Question

The degrees of freedom of a diatomic gas at normal temperature is:
A) $3$
B) $4$
C) $5$
D) $6$

Answer 1

Hint: The degrees of freedom is the change in the state of the physical system or of the motion exhibited by the particular molecule which is located in a particular space. It varies for the monatomic, diatomic and the triatomic molecules.

Complete step by step solution:
The movement of the particle in the three dimensional space constitutes the three degrees of freedom. In the diatomic molecule, the whole molecule exhibits three degrees of freedom due to its centre of mass and also has another three degrees of freedom. These diatomic sets have been decomposed mainly in terms of the translation, vibration and the rotation of the molecule.
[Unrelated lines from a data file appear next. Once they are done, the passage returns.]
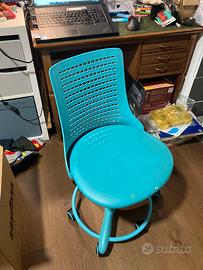 Cagliari Sedia con rotelle per scrivania, colore azzurro. Seduta alta 44 e schienale alto 80 Piccola abrasione sulla seduta davanti. Vista e piaciuta.
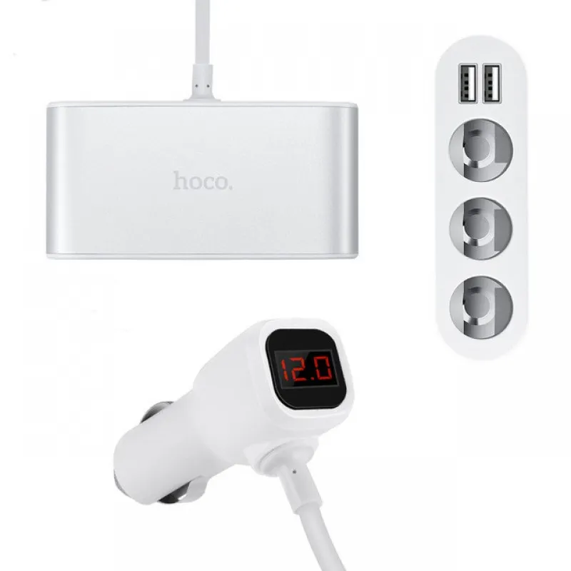 Разветвитель прикуривателя Hoco Z13 LCD серебристый информация:
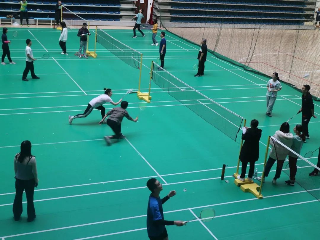 很快,比赛来到了四强赛,分别由AB与CD四组的一二名交换对决。队友们眼神间的默契,选手们精湛的技术动作,无不让人惊叹。第二场地的选手扣球的动作在空中止住,以完美的控制肢体力度打出一个短球,让对手猝不及防;而第四赛场的女选手以一手精湛的停球技巧,获得全场的欢呼;宋涛老师与陈浩老师的强强联手,更是展现了极高的羽毛球技术。
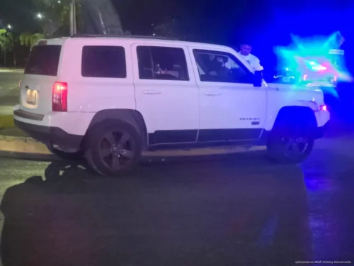 PLAYA DEL CARMEN, Quintana Roo, 24 de abril de 2026.- Una conductora perdió el control de su vehículo durante la madrugada de este jueves al intentar evitar un posible choque con un tráiler, lo que provocó que terminara fuera de la vialidad en la glorieta de la avenida 115 con Paseo Central.
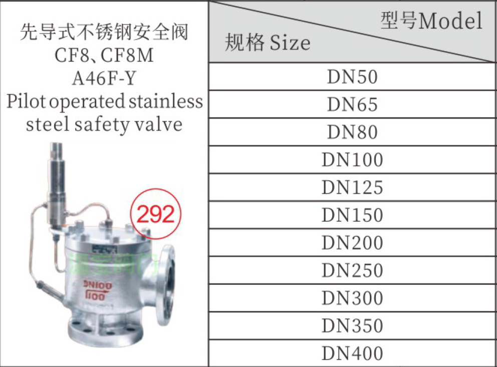 先導(dǎo)式不銹鋼安全閥 CF8、CF8M A46F-Y
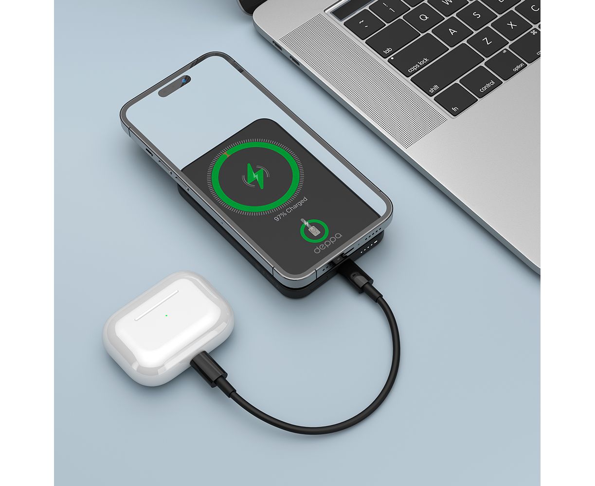 Совместимость: Совместим с IPhone 12 и новее, а так же со всеми смартфонами и наушниками с поддержкой заряда QI, со всеми мобильными устройствами с питанием от USB

A single diatomic molecule has two rotational types of the motion and one vibrational type of the motion. In the diatomic molecule, the rotation takes place perpendicular to that of the axis joining the two atoms but it is not a physical degree of the rotation. Hence the degrees of freedom of the diatomic molecule is $6$ , but the vibration does not take place at the normal temperature. Hence the total number of the degree of freedom is calculated as follows.
$f = 3 + 2$
By adding the above degrees of freedom,
$f = 5$
Hence the degrees of freedom obtained for a diatomic gas molecule at a normal temperature is $5$ .

Thus the option (C) is correct.

Note: If the $N$ is the number of gas molecules in the container, hence the degrees of freedom is $f = 3N$ . If there occur any restrictions of the motion of the gas molecules and it is considered as $q$, then the degrees of freedom becomes $f = 3N - q$.